*Records contained in a dataset*.

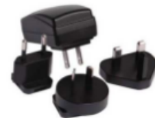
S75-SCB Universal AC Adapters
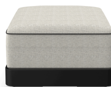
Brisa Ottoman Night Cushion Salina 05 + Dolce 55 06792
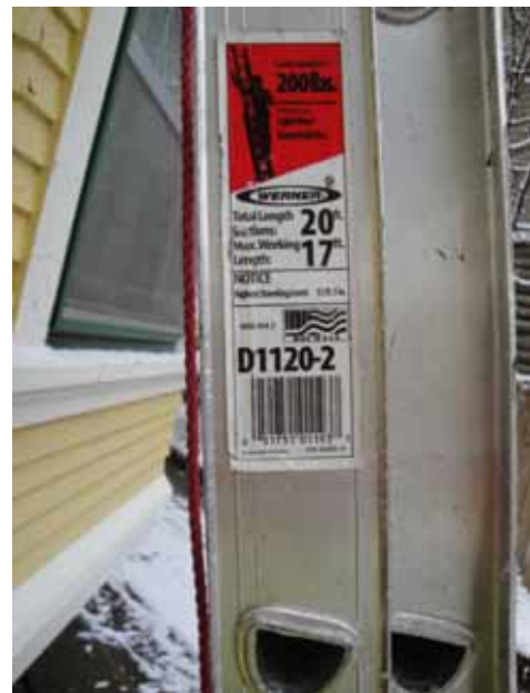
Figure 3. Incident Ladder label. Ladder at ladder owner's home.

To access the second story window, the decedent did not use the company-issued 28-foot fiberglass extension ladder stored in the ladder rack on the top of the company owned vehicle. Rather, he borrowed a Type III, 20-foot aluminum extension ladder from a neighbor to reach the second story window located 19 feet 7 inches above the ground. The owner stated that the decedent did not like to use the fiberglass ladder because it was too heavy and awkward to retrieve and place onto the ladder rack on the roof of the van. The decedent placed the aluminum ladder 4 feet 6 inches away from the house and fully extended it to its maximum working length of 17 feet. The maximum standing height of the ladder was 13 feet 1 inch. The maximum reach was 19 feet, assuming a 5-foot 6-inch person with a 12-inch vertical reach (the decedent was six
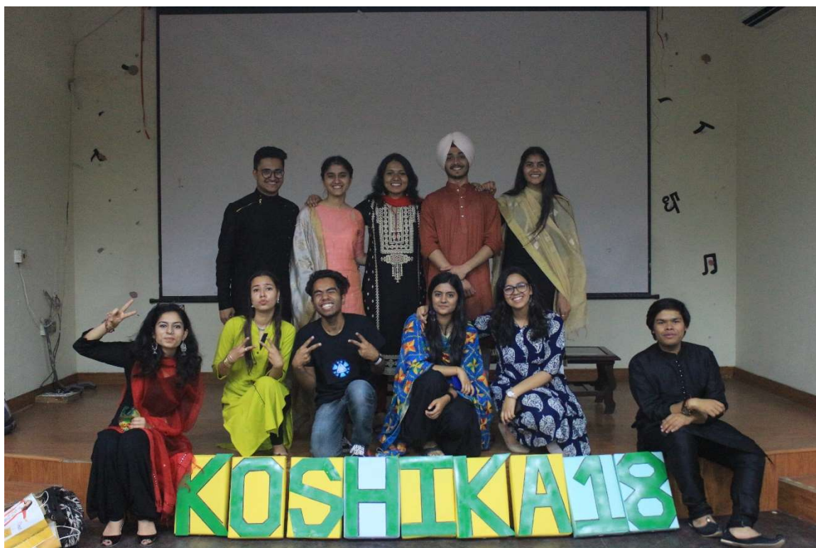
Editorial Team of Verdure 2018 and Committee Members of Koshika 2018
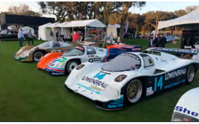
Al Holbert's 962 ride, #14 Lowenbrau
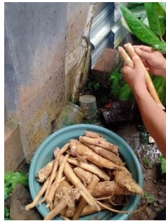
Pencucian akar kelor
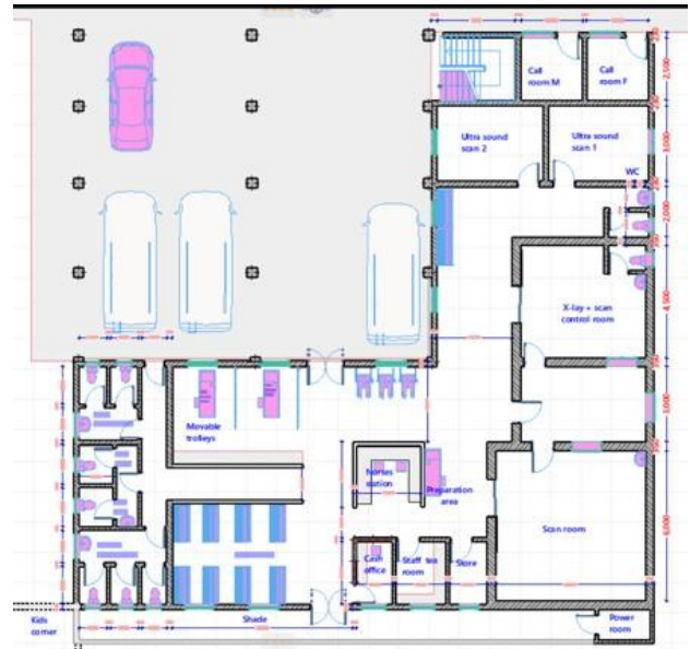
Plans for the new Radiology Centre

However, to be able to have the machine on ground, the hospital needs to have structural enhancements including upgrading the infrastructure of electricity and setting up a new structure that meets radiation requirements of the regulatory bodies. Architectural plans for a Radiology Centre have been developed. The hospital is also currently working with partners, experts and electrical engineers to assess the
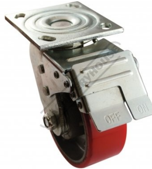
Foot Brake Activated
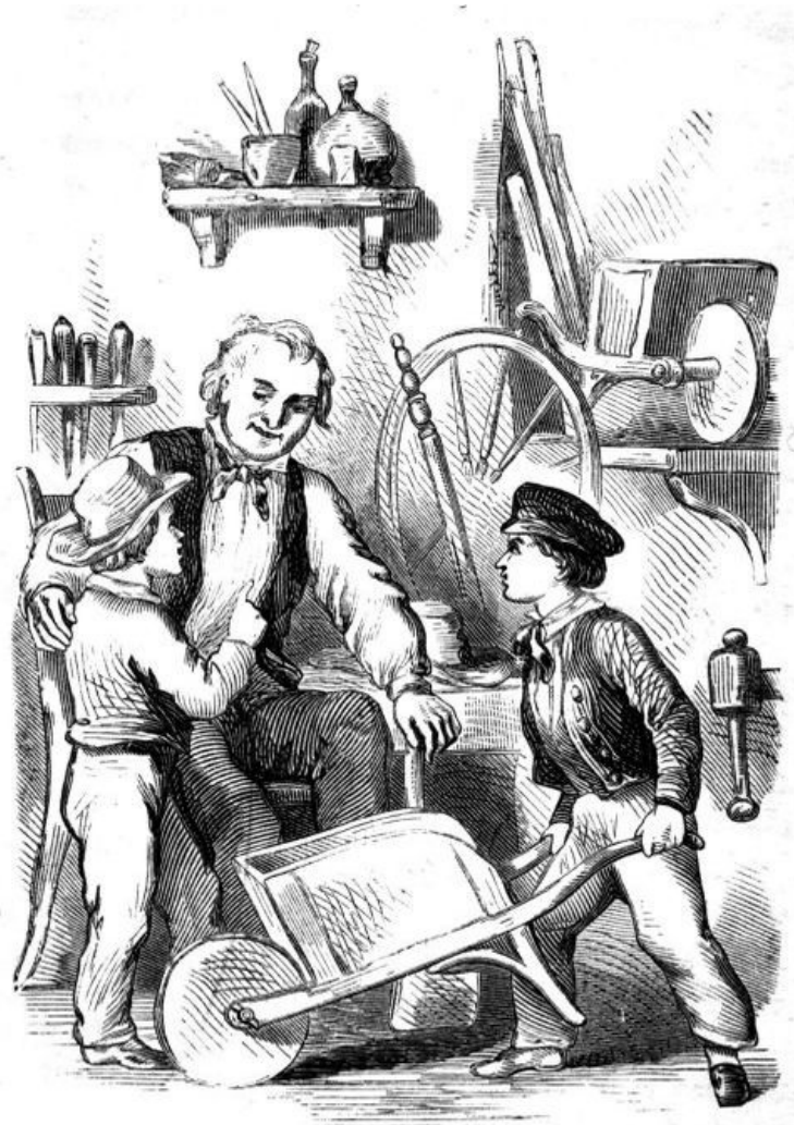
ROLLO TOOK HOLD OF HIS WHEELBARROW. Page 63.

*WORK INSTRUCTIONS*.
From the entries above, write out every line without a single change, skipping the images.

*TASK OUTPUT*.
S75-SCB Universal AC Adapters
Brisa Ottoman Night Cushion Salina 05 + Dolce 55 06792
Figure 3. Incident Ladder label. Ladder at ladder owner's home.

To access the second story window, the decedent did not use the company-issued 28-foot fiberglass extension ladder stored in the ladder rack on the top of the company owned vehicle. Rather, he borrowed a Type III, 20-foot aluminum extension ladder from a neighbor to reach the second story window located 19 feet 7 inches above the ground. The owner stated that the decedent did not like to use the fiberglass ladder because it was too heavy and awkward to retrieve and place onto the ladder rack on the roof of the van. The decedent placed the aluminum ladder 4 feet 6 inches away from the house and fully extended it to its maximum working length of 17 feet. The maximum standing height of the ladder was 13 feet 1 inch. The maximum reach was 19 feet, assuming a 5-foot 6-inch person with a 12-inch vertical reach (the decedent was six
Editorial Team of Verdure 2018 and Committee Members of Koshika 2018
Al Holbert's 962 ride, #14 Lowenbrau
Pencucian akar kelor
Plans for the new Radiology Centre

However, to be able to have the machine on ground, the hospital needs to have structural enhancements including upgrading the infrastructure of electricity and setting up a new structure that meets radiation requirements of the regulatory bodies. Architectural plans for a Radiology Centre have been developed. The hospital is also currently working with partners, experts and electrical engineers to assess the
Foot Brake Activated
ROLLO TOOK HOLD OF HIS WHEELBARROW. Page 63.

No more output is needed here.